» **WORK REQUEST**
Begin the copy at the line containing "譚松韻化身插花少女,纖細小蠻腰身材好,淑女范兒!" in the data below and end it at the line containing "Mercedes-Benz W204 Heckdeckelfernschließung", keeping each line exact and leaving out pictures.

» **DATASET RECORDS**
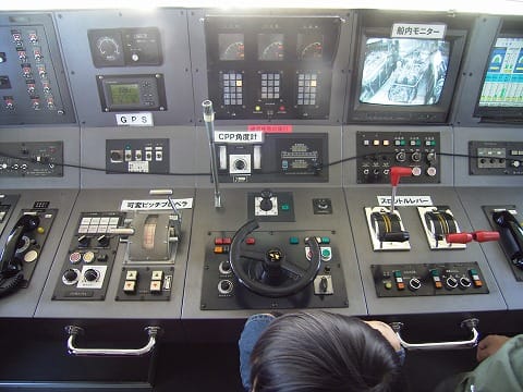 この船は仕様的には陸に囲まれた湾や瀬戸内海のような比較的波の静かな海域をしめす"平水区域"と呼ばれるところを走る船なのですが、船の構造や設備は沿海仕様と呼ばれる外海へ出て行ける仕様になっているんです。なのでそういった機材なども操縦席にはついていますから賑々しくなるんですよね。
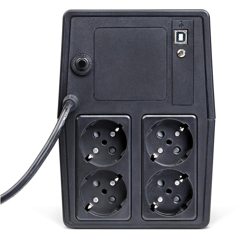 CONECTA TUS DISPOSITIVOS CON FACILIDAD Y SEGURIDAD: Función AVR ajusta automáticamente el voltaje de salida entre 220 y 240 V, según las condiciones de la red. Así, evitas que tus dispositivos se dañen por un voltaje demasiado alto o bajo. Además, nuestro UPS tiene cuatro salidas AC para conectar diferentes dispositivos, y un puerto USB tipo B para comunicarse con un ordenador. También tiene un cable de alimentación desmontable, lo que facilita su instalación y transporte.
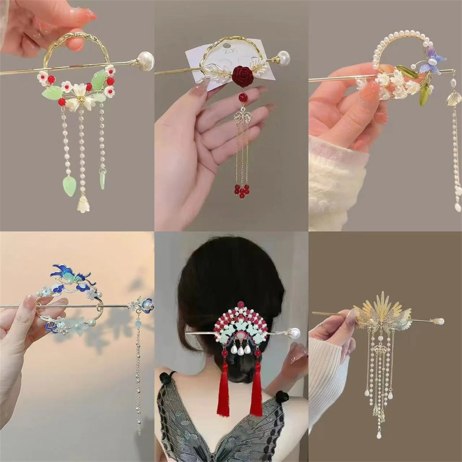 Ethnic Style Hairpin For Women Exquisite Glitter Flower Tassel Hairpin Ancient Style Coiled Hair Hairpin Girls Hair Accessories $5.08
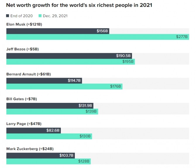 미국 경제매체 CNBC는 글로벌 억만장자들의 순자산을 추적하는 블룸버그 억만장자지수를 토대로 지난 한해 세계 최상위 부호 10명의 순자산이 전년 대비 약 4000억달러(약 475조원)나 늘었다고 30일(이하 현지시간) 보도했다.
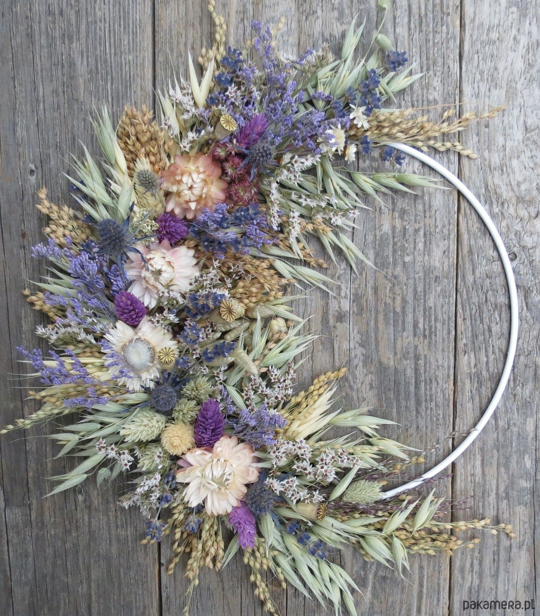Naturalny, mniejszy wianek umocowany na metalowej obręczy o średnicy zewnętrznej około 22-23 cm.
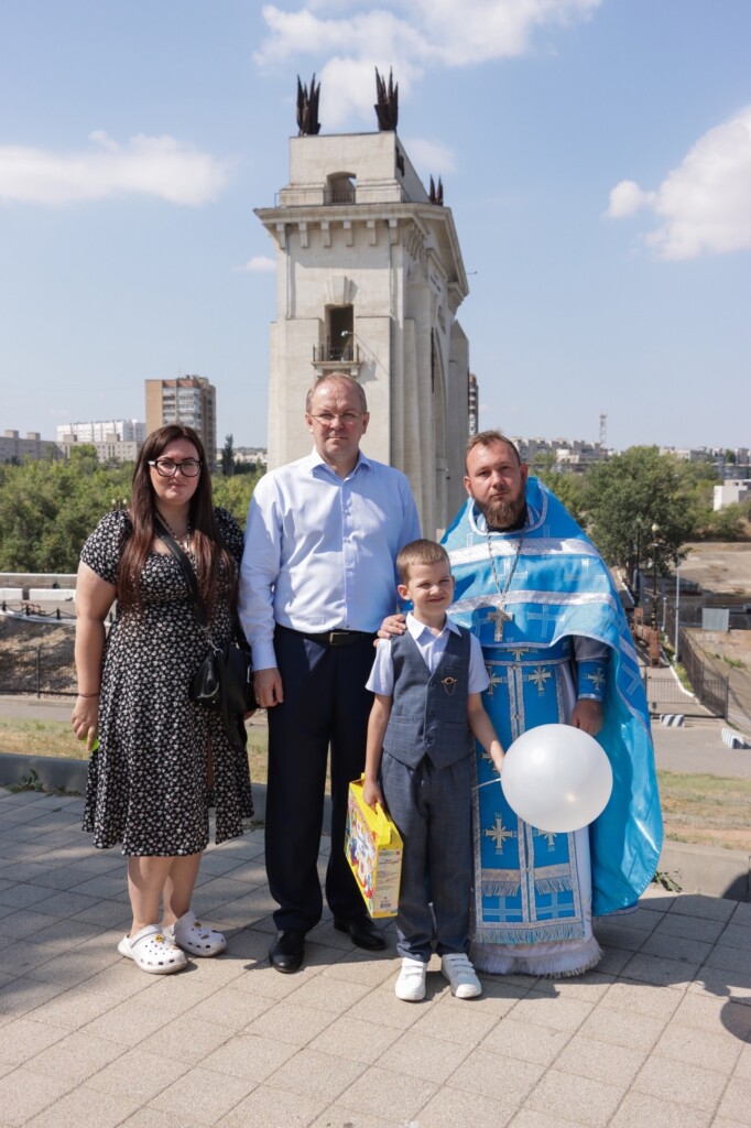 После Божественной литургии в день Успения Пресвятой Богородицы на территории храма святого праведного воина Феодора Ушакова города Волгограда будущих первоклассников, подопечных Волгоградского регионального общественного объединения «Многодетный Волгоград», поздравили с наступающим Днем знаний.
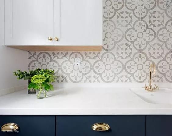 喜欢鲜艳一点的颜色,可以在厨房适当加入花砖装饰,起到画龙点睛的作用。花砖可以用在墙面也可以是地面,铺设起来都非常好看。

* * *

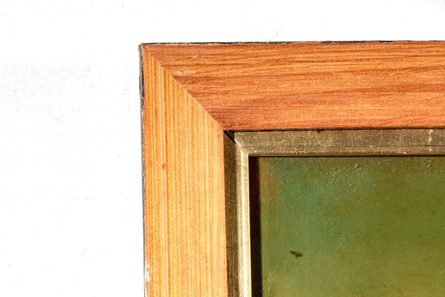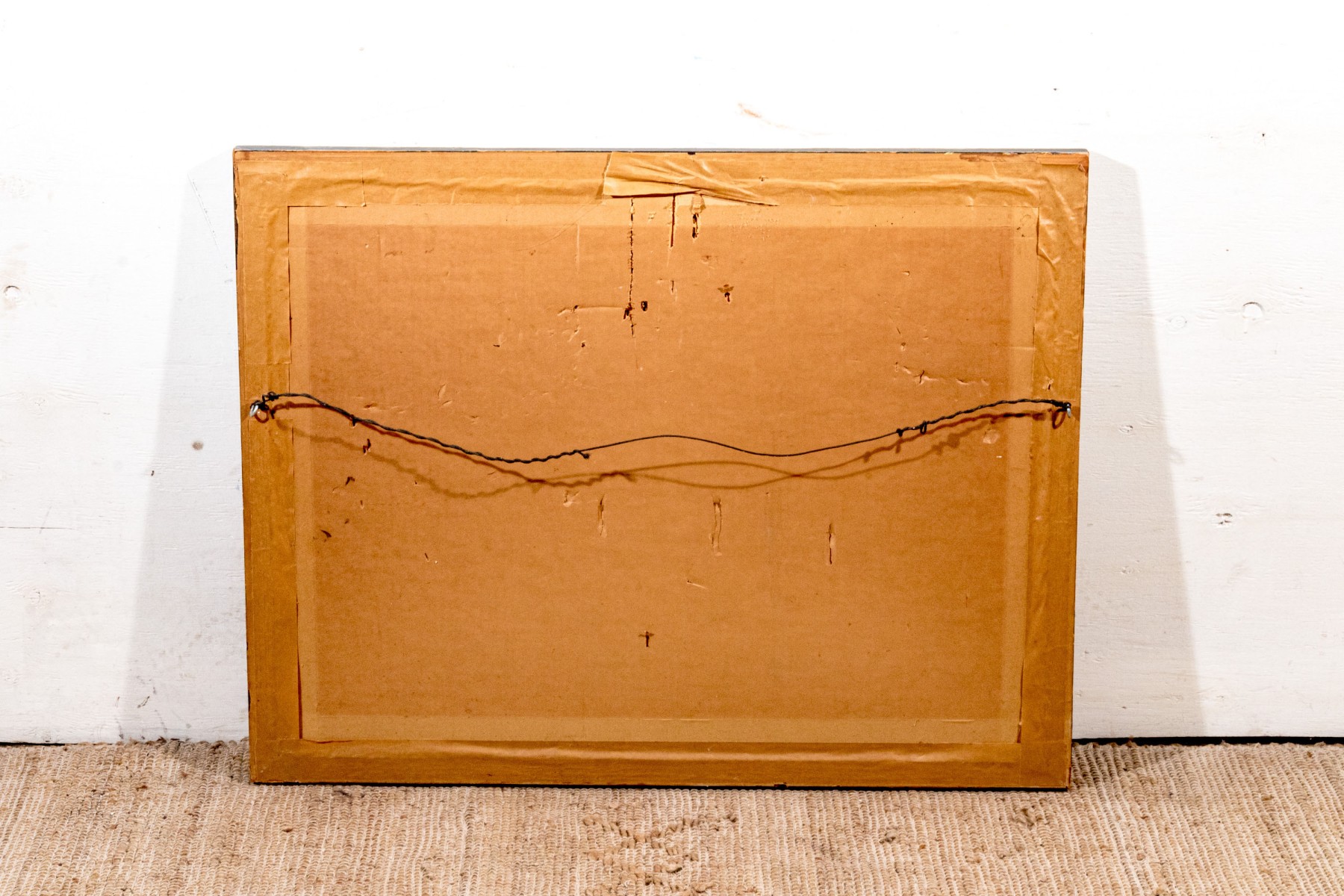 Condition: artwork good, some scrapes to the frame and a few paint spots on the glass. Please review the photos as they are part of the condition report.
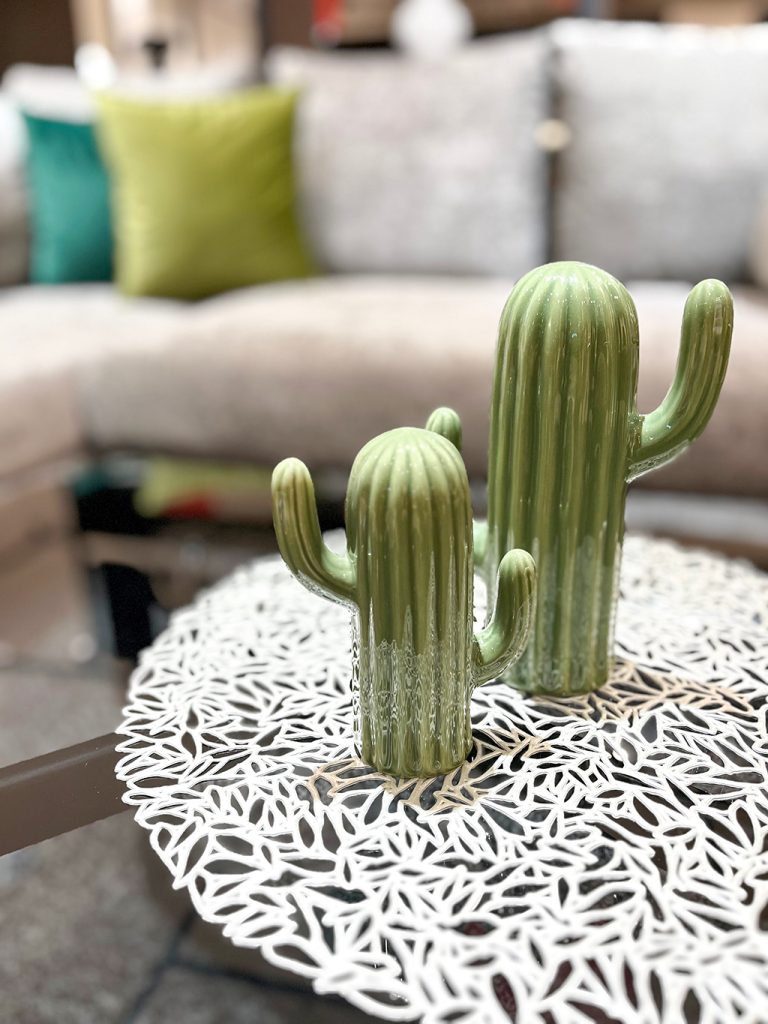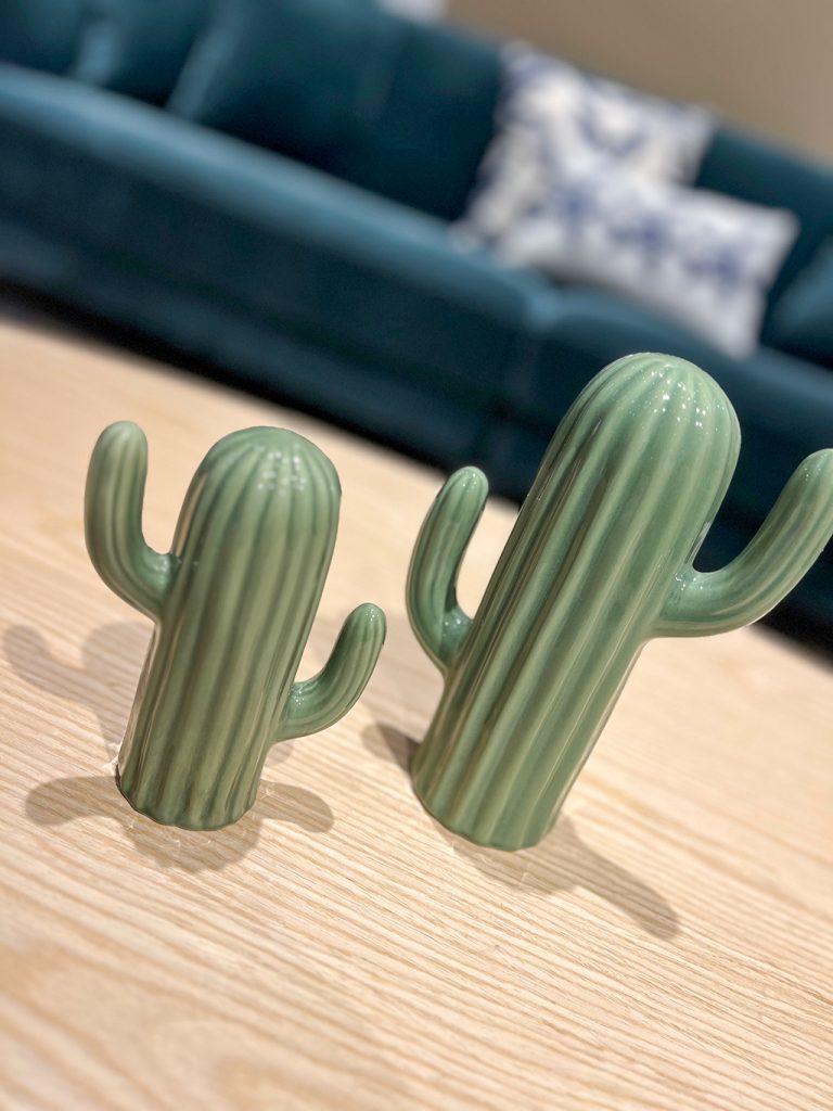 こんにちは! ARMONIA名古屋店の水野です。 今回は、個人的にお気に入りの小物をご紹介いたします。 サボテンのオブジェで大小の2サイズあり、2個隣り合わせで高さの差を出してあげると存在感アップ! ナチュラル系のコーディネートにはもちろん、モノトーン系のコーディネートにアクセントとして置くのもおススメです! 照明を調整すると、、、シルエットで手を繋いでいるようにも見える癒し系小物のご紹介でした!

...

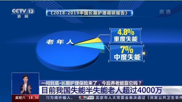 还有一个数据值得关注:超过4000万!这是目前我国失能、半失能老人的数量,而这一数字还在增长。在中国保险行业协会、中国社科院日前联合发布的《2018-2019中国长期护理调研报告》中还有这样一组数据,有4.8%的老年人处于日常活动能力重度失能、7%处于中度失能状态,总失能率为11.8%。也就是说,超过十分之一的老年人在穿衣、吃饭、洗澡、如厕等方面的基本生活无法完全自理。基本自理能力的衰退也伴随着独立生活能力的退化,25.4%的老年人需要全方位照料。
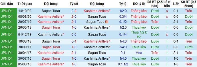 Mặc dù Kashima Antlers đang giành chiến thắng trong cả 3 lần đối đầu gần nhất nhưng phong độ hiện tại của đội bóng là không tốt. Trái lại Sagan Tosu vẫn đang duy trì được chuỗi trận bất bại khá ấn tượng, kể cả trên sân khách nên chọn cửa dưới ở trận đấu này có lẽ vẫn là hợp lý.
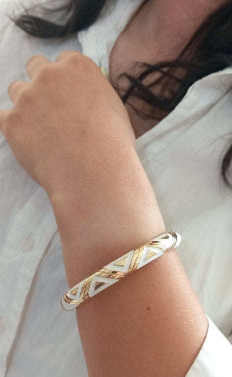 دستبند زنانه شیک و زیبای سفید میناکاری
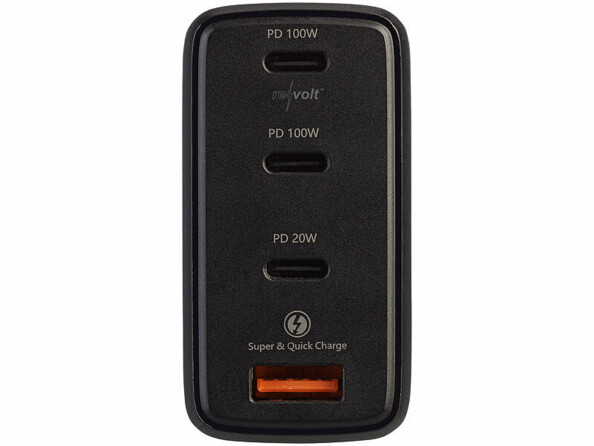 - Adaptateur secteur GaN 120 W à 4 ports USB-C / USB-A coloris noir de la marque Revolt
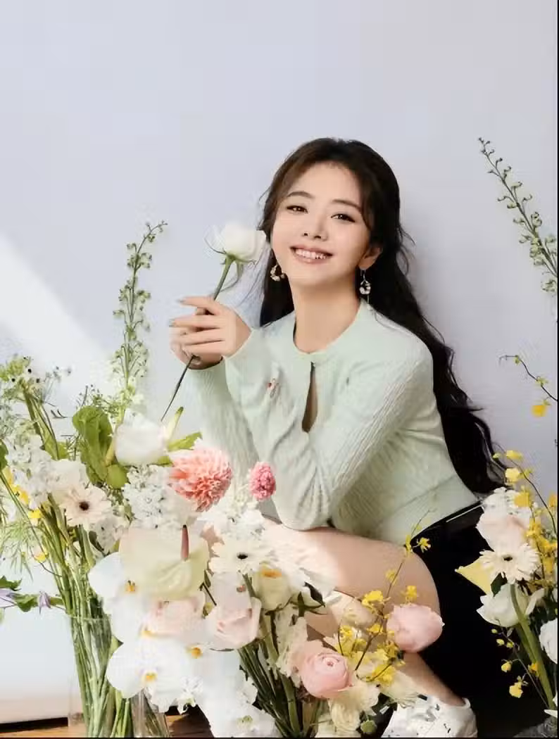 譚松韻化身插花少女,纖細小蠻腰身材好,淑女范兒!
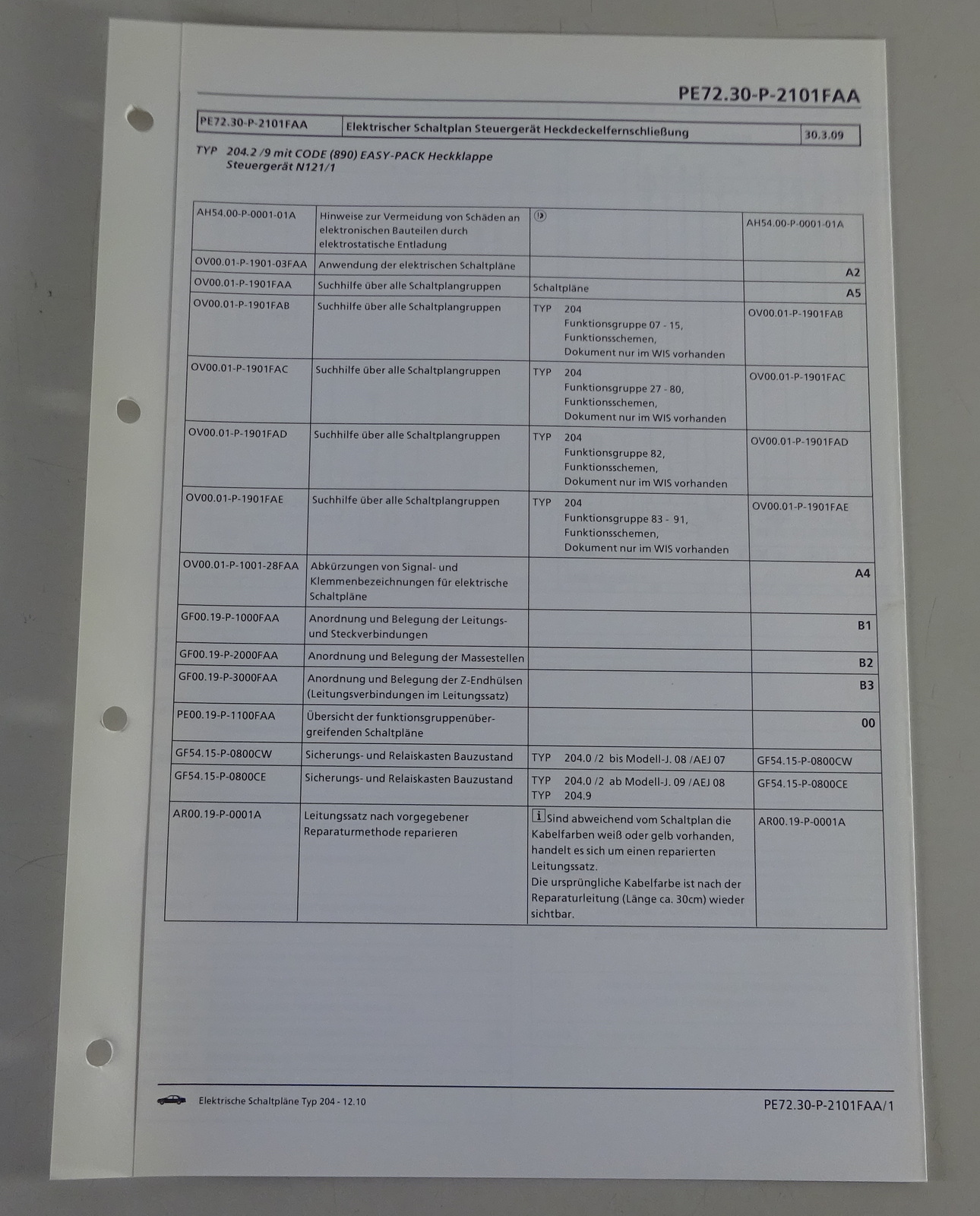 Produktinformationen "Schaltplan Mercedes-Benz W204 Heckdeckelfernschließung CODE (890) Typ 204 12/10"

» **RESPONSE FOR THIS EXERCISE**
 譚松韻化身插花少女,纖細小蠻腰身材好,淑女范兒!
 Produktinformationen "Schaltplan Mercedes-Benz W204 Heckdeckelfernschließung CODE (890) Typ 204 12/10"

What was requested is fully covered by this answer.